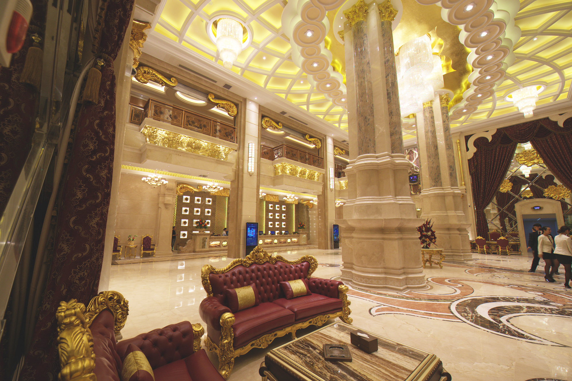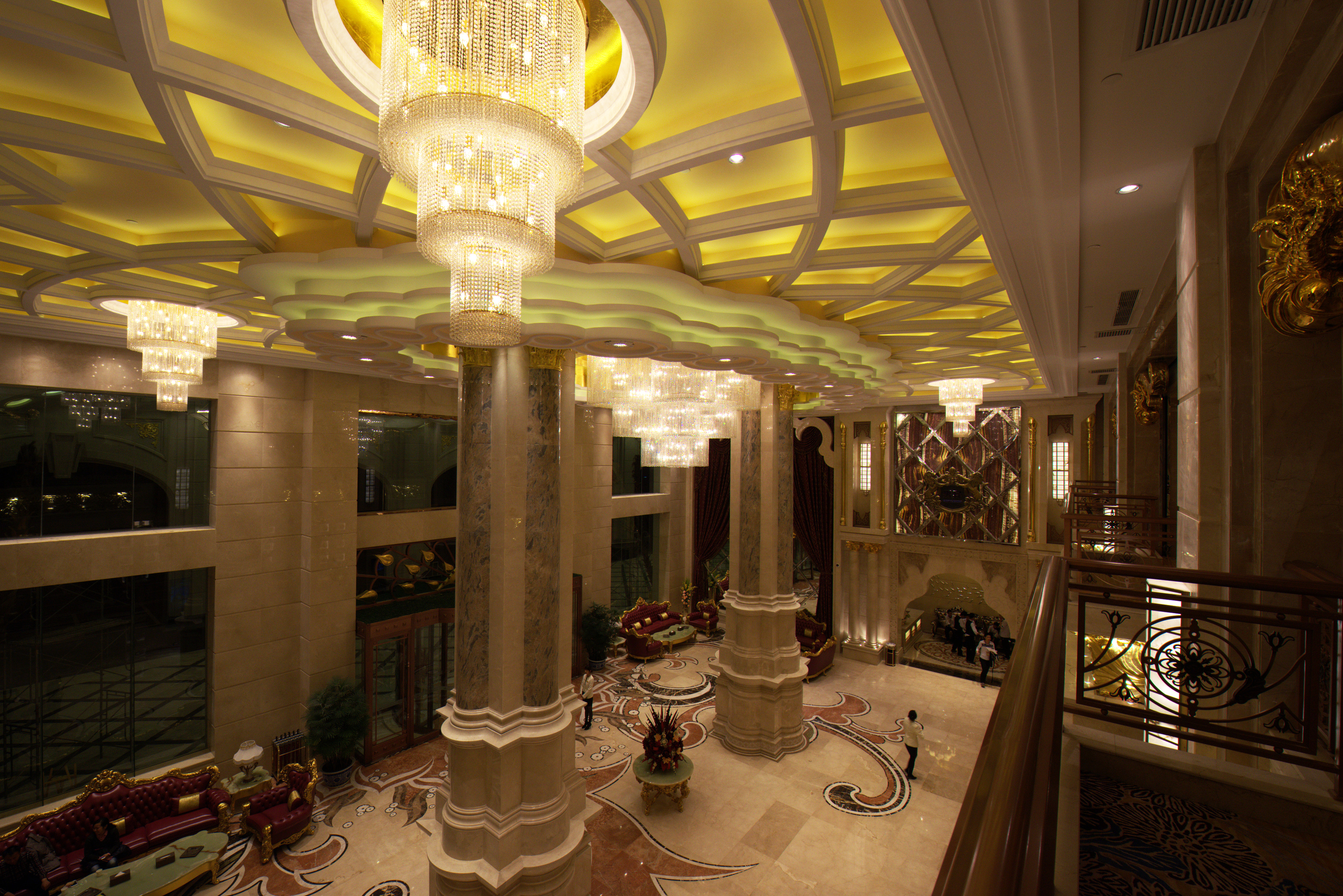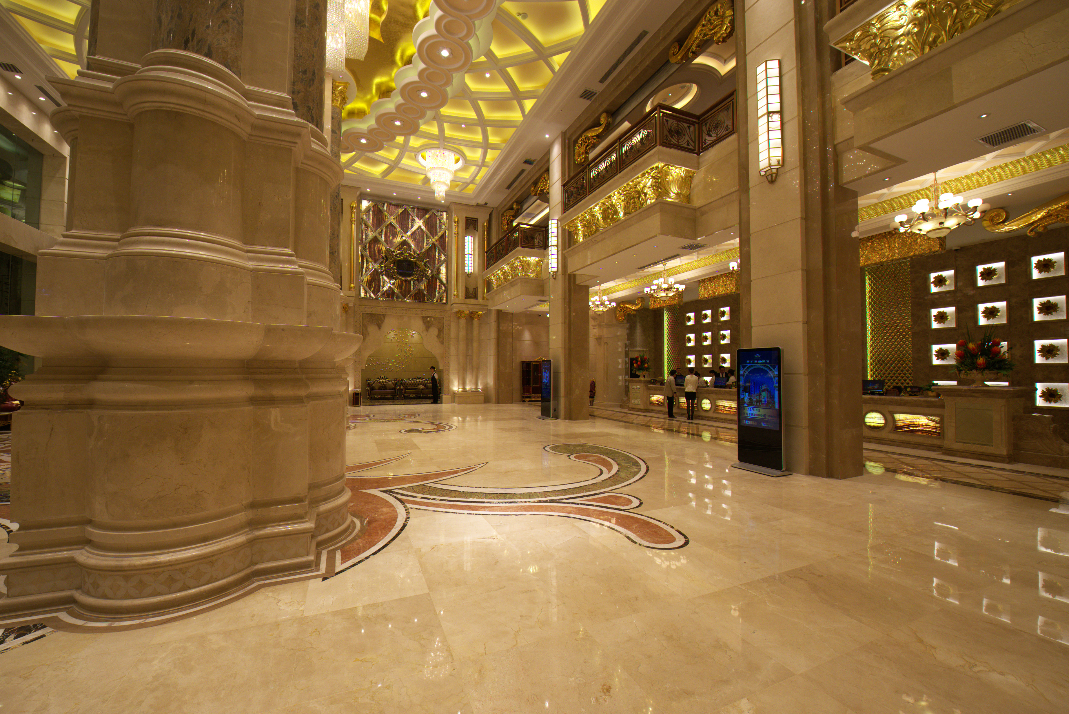 项目定位:设计简约独特,各式花样图案,散发出幽然的光亮,显得生机勃勃,气韵盎然。既有着庄重高贵的气势,也富含宽敞华丽的点缀,呈现出一室的古典韵味,令人顿感扑面而来是的端正稳健。细节上则崇尚自然情趣,散发出清新自然焕然一新的气息。整个空间以暖黄色调为主,内敛而深沉,炫而多彩的吊顶配饰有着金黄色华丽的外表,各色景致相互映衬,一如既往的雅静,仿若置身于奢魅自然的一方天地
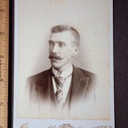 1890's Gentleman Man Handlebar Mustache Tie Grossell Defiance Ohio Portrait Picture Cabinet Card Antique Original Collectible OOAK One Of A Kind A-1$18Salem, OH
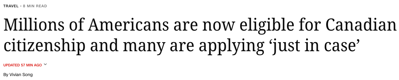 自加拿大《公民法》C-3号法案通过、放宽公民资格条件以来,已有数百万美国人有资格申请加拿大国籍。尤其在当前美国社会动荡、政治分裂加剧的背景下,为自己准备一个“备选方案”已成为许多人的现实选择。
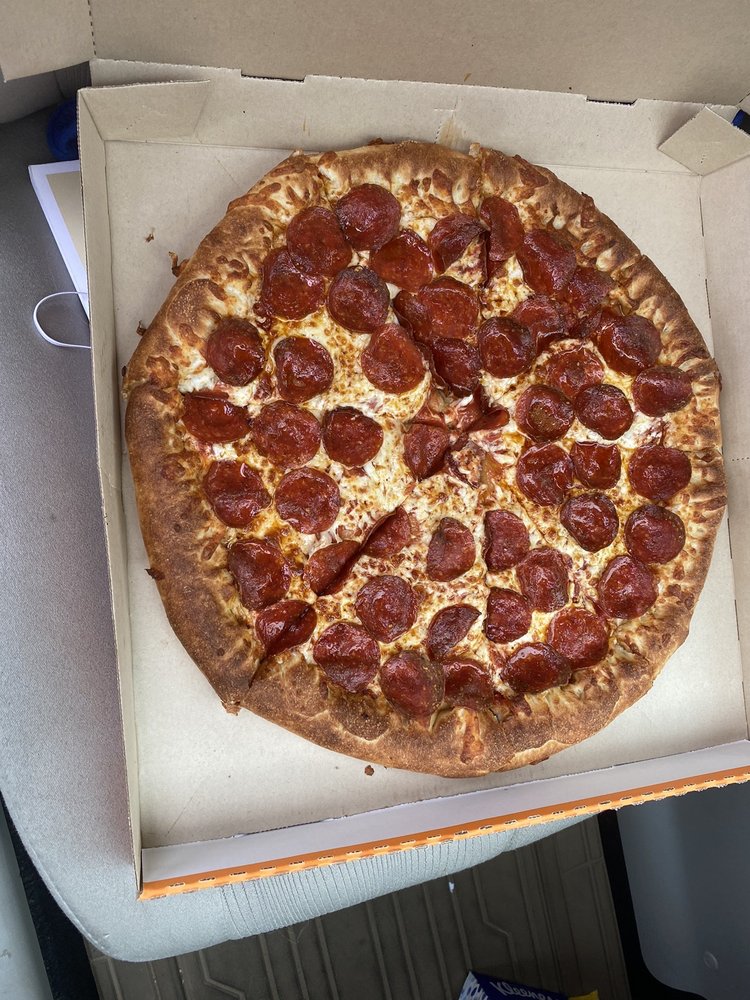 A large Pepperoni pizza topped with over 100 crispy old world Pepperonis all the way to the edge and a crispy, caramelized crust
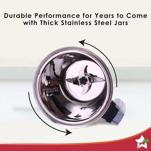 Highly Efficient Jars: Superior quality food-grade plastic and stainless steel jars come with flow breakers for finest results.
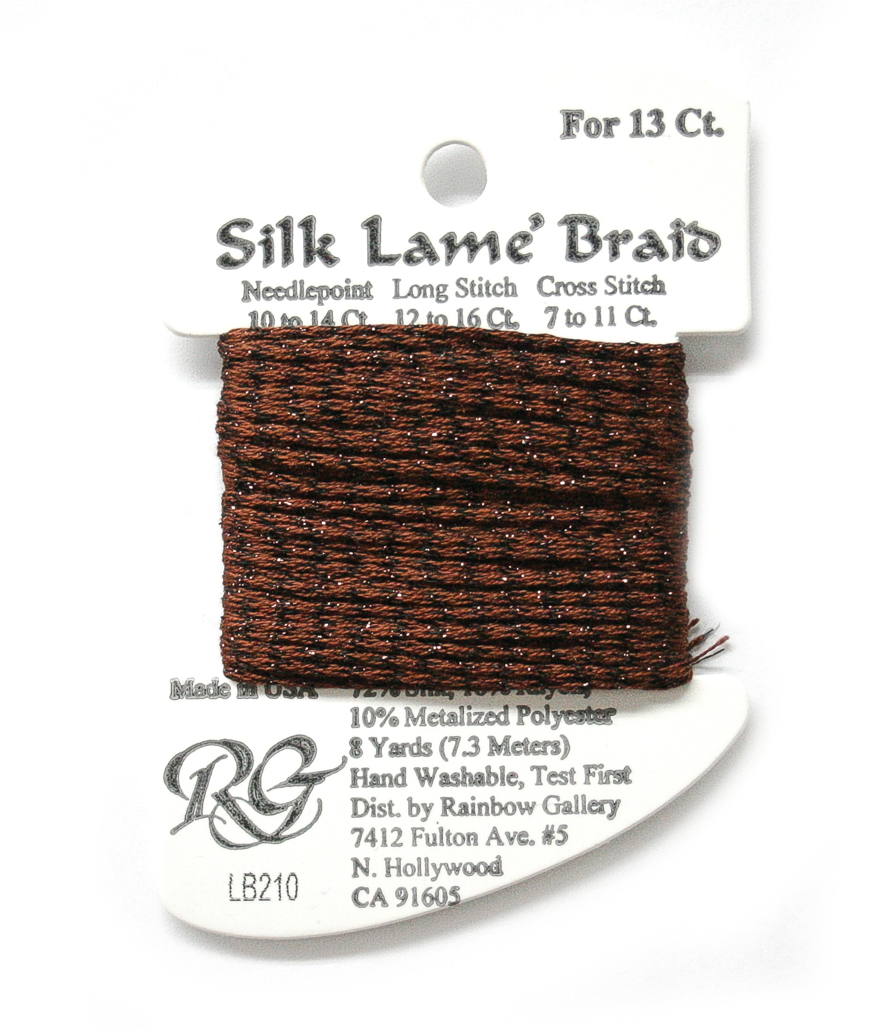 This is Silk Lame Braid 13 from Rainbow Gallery in color 210 Cappuccino. A great thread for adding sparkle to 13 mesh projects. Use as-is on 13 mesh.
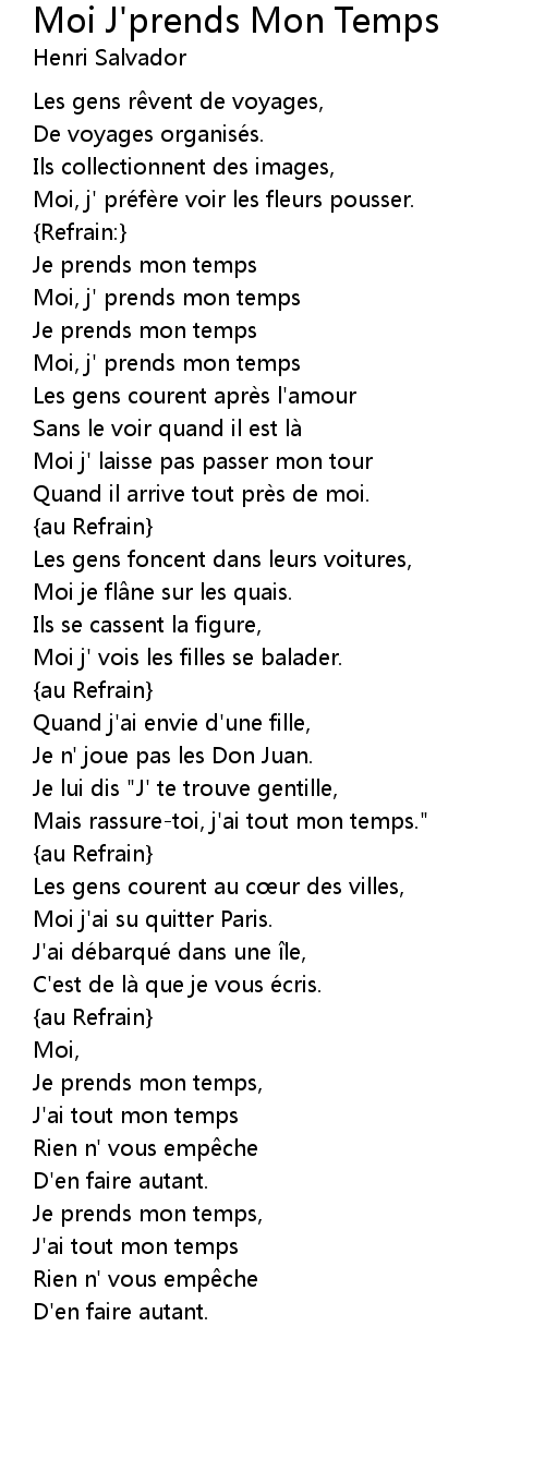 | Mais rassuretoi, j' ai tout mon temps." | |
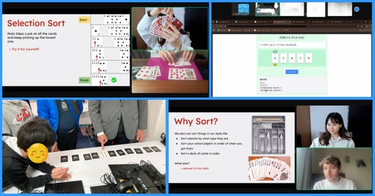 第3回 のイベントの様子です。世界中から子どもたちとスタッフが参加されました!トランプとコインを使って楽しくサーチ&ソートアルゴリズムを学びました!現地で開催された熊本会場も大変盛り上がりました
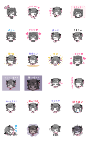 <寂しがり屋な女の子に♥>病みかわいいスタンプで想いを伝えて♪ 黒猫/ハート/地雷/小悪魔/モテ/あざとい/かまって/メンヘラ/ヤンデレ/闇/ツインテール/担当/ホスト/彼氏
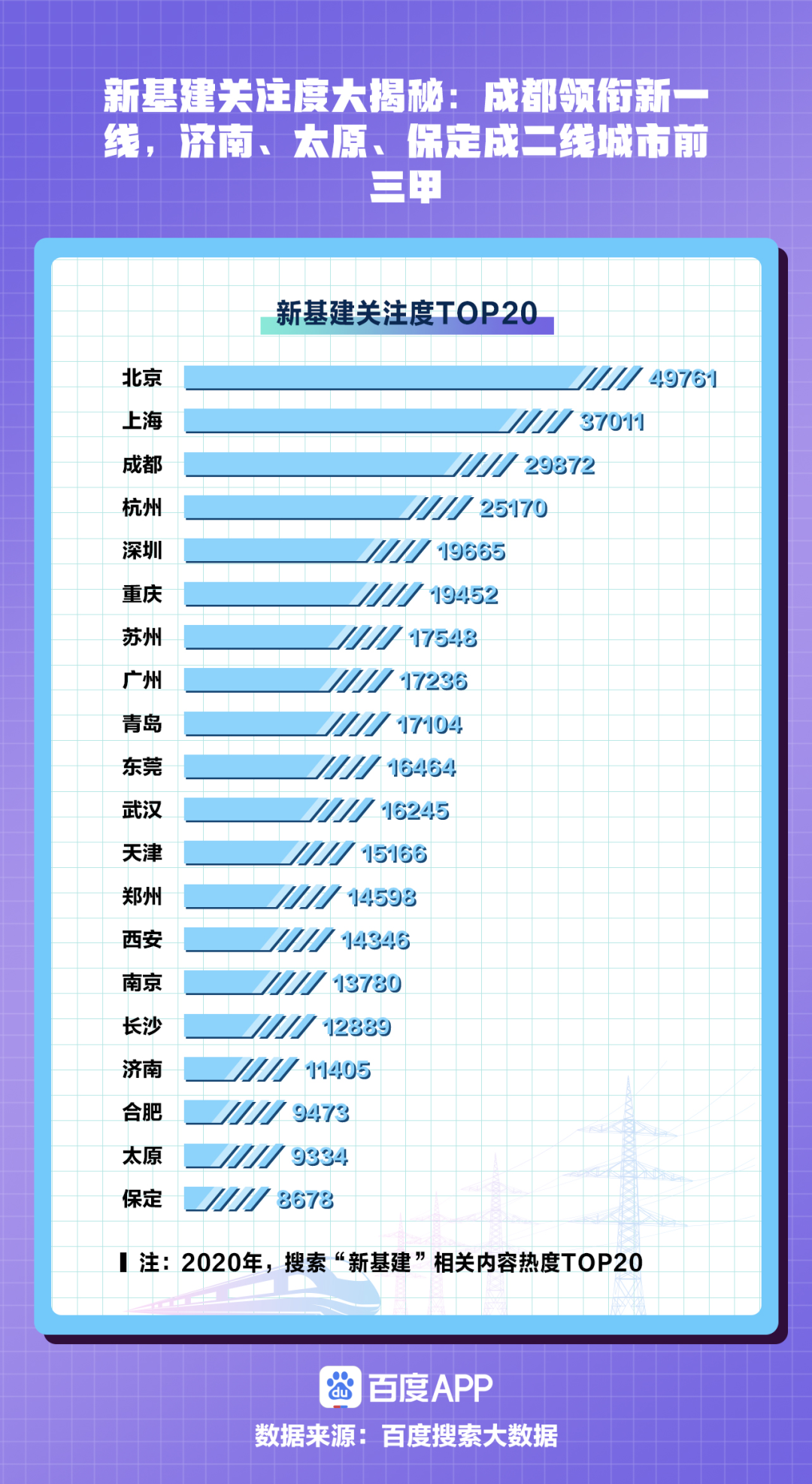 在国家大力发展的新基建领域,一线城市及新一线城市占据了“新基建”关注度Top20的大部分名额。百度搜索大数据显示,北京以绝对优势位列第一,二线城市同样不甘示弱,济南、太原、保定成功上榜。

○ ○ ○

Begin at the first line of the entries and stop after the line holding "This is Silk"; repeat those lines exactly, but not the pictures.

 项目定位:设计简约独特,各式花样图案,散发出幽然的光亮,显得生机勃勃,气韵盎然。既有着庄重高贵的气势,也富含宽敞华丽的点缀,呈现出一室的古典韵味,令人顿感扑面而来是的端正稳健。细节上则崇尚自然情趣,散发出清新自然焕然一新的气息。整个空间以暖黄色调为主,内敛而深沉,炫而多彩的吊顶配饰有着金黄色华丽的外表,各色景致相互映衬,一如既往的雅静,仿若置身于奢魅自然的一方天地
 1890's Gentleman Man Handlebar Mustache Tie Grossell Defiance Ohio Portrait Picture Cabinet Card Antique Original Collectible OOAK One Of A Kind A-1$18Salem, OH
 自加拿大《公民法》C-3号法案通过、放宽公民资格条件以来,已有数百万美国人有资格申请加拿大国籍。尤其在当前美国社会动荡、政治分裂加剧的背景下,为自己准备一个“备选方案”已成为许多人的现实选择。
 A large Pepperoni pizza topped with over 100 crispy old world Pepperonis all the way to the edge and a crispy, caramelized crust
 Highly Efficient Jars: Superior quality food-grade plastic and stainless steel jars come with flow breakers for finest results.
 This is Silk Lame Braid 13 from Rainbow Gallery in color 210 Cappuccino. A great thread for adding sparkle to 13 mesh projects. Use as-is on 13 mesh.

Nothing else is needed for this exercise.